## Data
##########

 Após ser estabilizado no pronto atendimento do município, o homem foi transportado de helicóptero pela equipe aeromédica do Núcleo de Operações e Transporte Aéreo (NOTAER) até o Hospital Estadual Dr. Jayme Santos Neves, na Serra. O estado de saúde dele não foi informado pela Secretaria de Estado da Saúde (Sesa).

##########

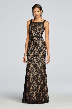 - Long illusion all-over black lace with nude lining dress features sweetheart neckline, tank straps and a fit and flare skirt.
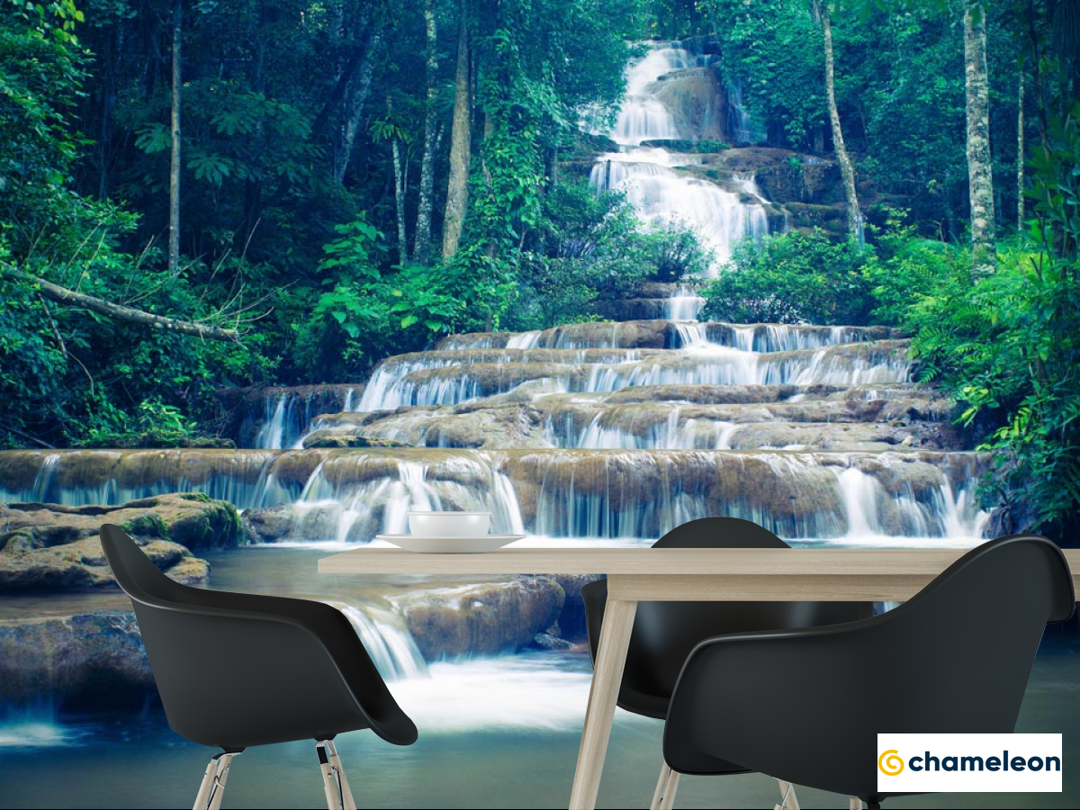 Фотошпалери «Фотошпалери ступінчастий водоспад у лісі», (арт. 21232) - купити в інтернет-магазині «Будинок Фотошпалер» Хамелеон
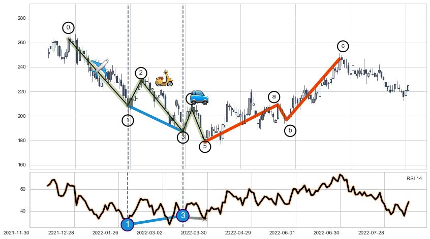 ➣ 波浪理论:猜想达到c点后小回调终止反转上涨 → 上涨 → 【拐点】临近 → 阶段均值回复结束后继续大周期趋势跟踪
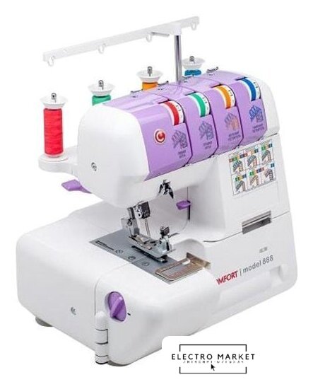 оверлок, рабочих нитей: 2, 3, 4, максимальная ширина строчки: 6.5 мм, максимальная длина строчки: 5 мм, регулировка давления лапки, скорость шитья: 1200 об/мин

##########

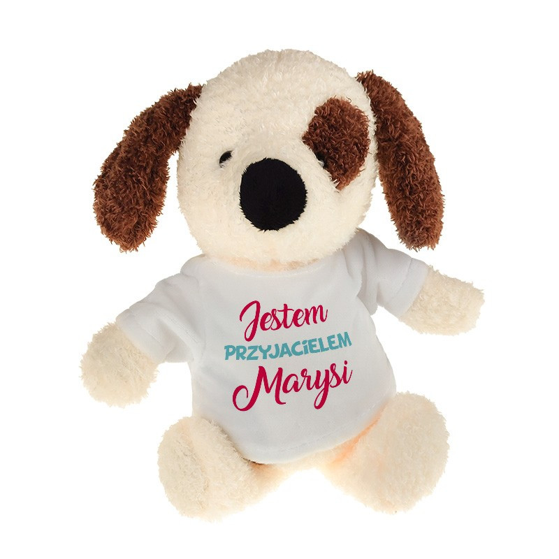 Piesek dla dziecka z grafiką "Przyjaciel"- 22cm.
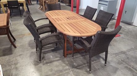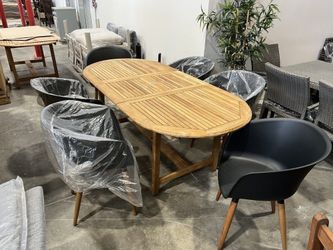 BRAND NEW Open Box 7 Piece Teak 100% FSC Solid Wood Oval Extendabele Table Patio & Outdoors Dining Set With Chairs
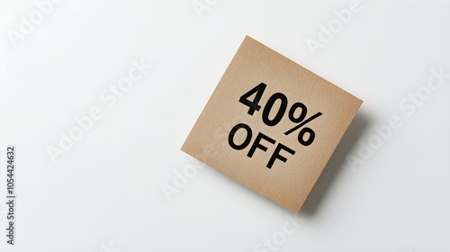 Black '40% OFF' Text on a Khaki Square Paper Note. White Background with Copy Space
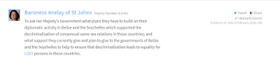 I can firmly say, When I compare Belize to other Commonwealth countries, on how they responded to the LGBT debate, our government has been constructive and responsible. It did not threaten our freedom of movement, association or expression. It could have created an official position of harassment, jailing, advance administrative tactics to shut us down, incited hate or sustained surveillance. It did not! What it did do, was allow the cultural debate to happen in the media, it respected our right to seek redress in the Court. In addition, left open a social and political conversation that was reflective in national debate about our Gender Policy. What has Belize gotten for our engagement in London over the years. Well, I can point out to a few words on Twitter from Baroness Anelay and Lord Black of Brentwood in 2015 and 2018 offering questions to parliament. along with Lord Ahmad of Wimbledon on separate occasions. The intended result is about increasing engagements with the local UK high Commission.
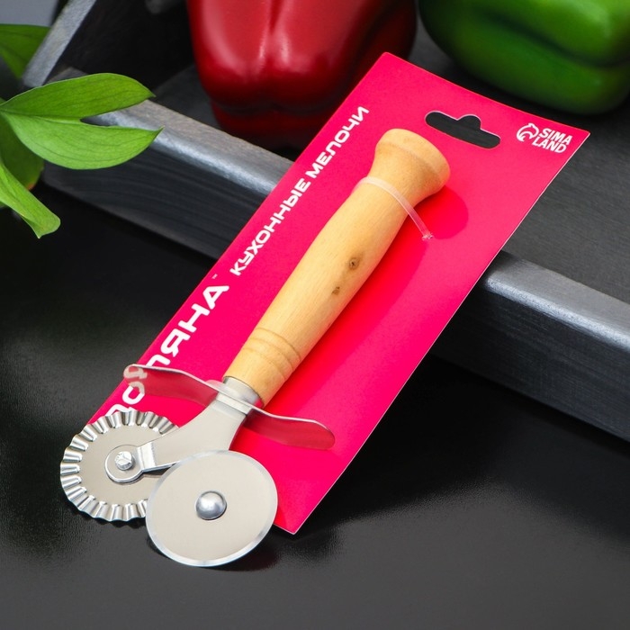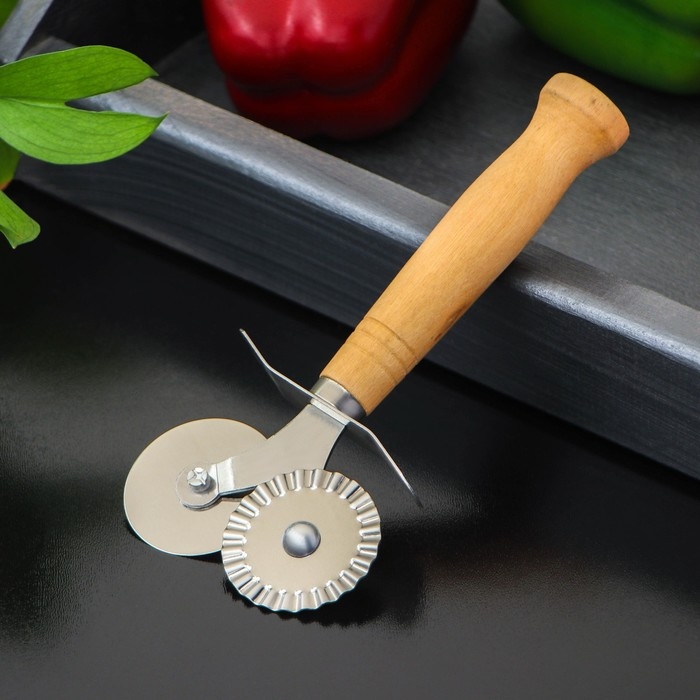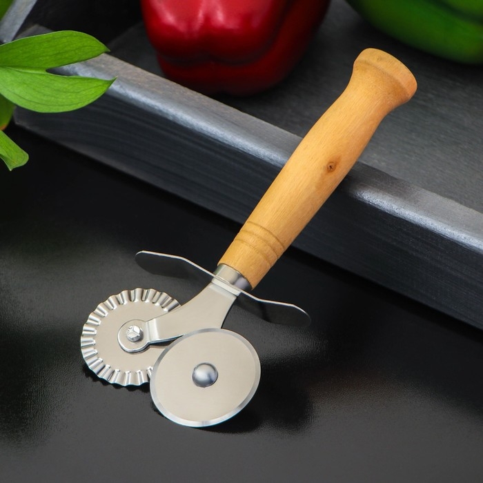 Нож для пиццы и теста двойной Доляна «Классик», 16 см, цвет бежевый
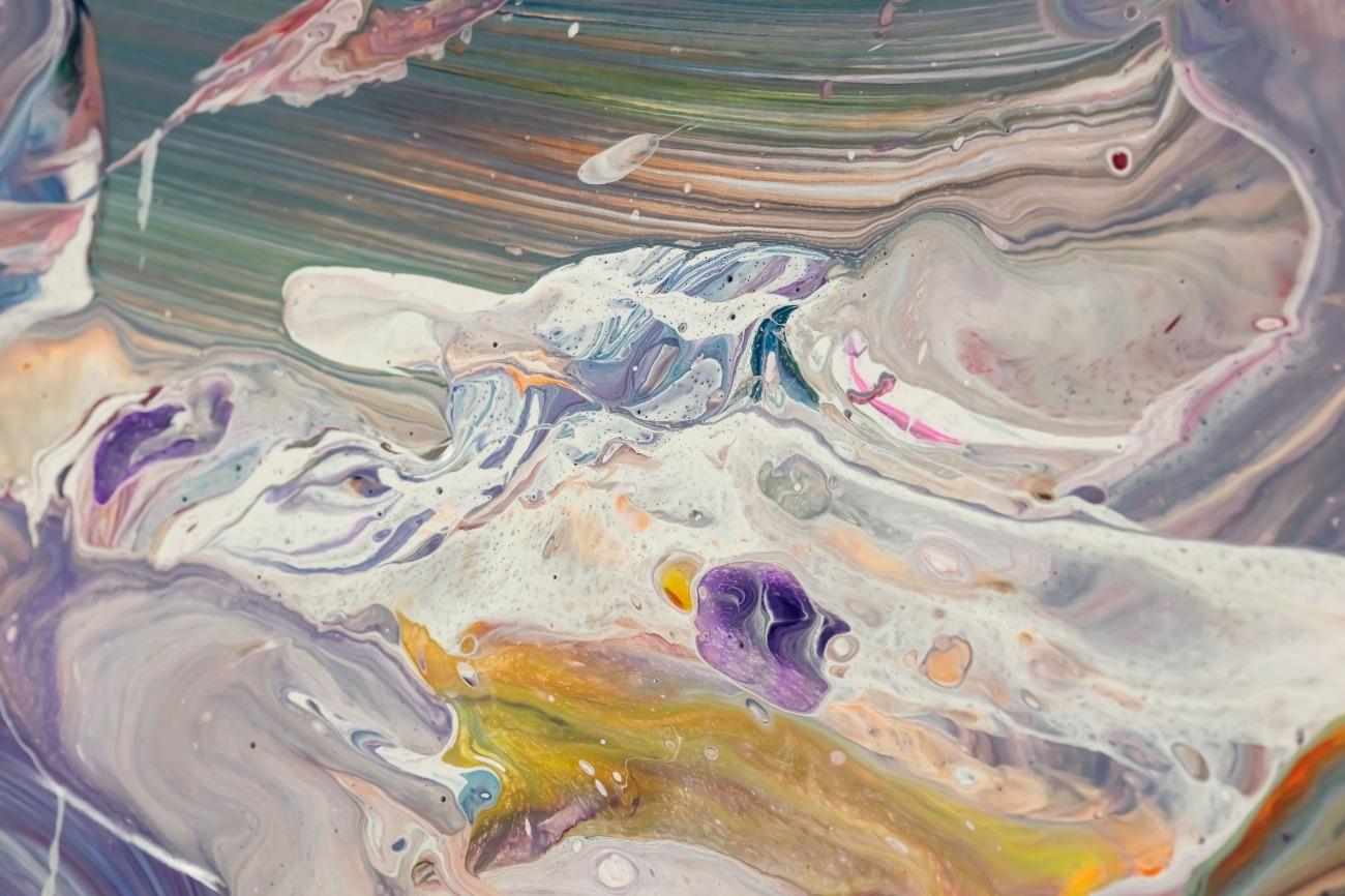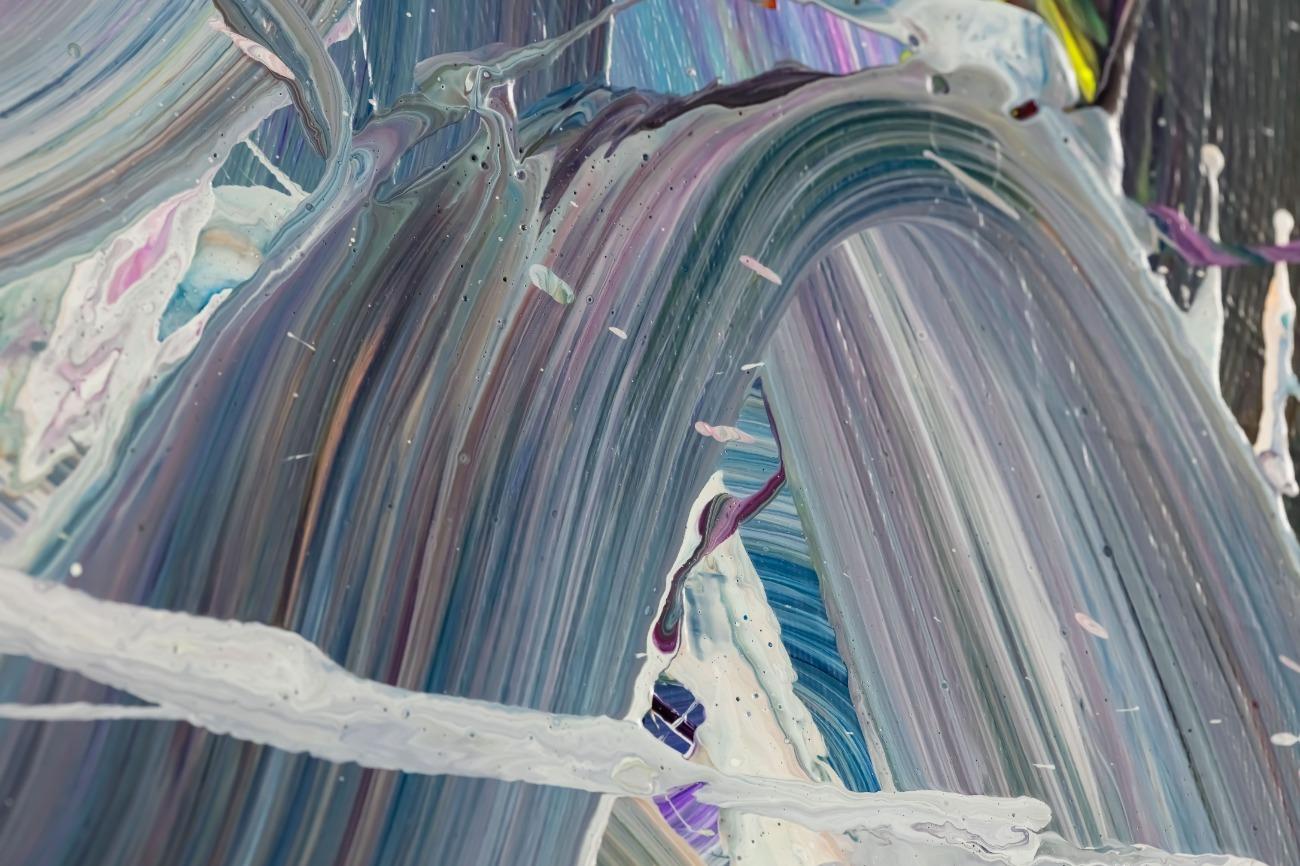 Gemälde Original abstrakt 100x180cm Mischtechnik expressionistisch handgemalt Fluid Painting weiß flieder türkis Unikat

##########

## Activity
Within the listing above, find the line containing "BRAND NEW Open" and the line containing "Black '40% OFF'". Transcribe them and everything between them exactly, leaving out the pictures.

## Written answer
 BRAND NEW Open Box 7 Piece Teak 100% FSC Solid Wood Oval Extendabele Table Patio & Outdoors Dining Set With Chairs
 Black '40% OFF' Text on a Khaki Square Paper Note. White Background with Copy Space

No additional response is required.